MATERIAL FOR THE TASK: Begin

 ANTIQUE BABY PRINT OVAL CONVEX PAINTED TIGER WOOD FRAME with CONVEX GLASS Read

MATERIAL FOR THE TASK: End
MATERIAL FOR THE TASK: Begin

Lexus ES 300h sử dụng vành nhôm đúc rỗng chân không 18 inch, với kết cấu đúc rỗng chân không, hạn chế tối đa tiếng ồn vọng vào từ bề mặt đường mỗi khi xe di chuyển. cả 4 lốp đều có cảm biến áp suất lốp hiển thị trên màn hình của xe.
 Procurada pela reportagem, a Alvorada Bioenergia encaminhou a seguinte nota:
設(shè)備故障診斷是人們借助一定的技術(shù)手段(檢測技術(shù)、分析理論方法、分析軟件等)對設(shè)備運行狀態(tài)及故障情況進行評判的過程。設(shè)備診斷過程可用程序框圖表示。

MATERIAL FOR THE TASK: End

- **TASK DESCRIPTION**
Please copy, exactly as written, every line in the listing above from the line with "Procurada pela reportagem, a" up to and including the line with "設(shè)備故障診斷是人們".

- **SOLUTION**
 Procurada pela reportagem, a Alvorada Bioenergia encaminhou a seguinte nota:
設(shè)備故障診斷是人們借助一定的技術(shù)手段(檢測技術(shù)、分析理論方法、分析軟件等)對設(shè)備運行狀態(tài)及故障情況進行評判的過程。設(shè)備診斷過程可用程序框圖表示。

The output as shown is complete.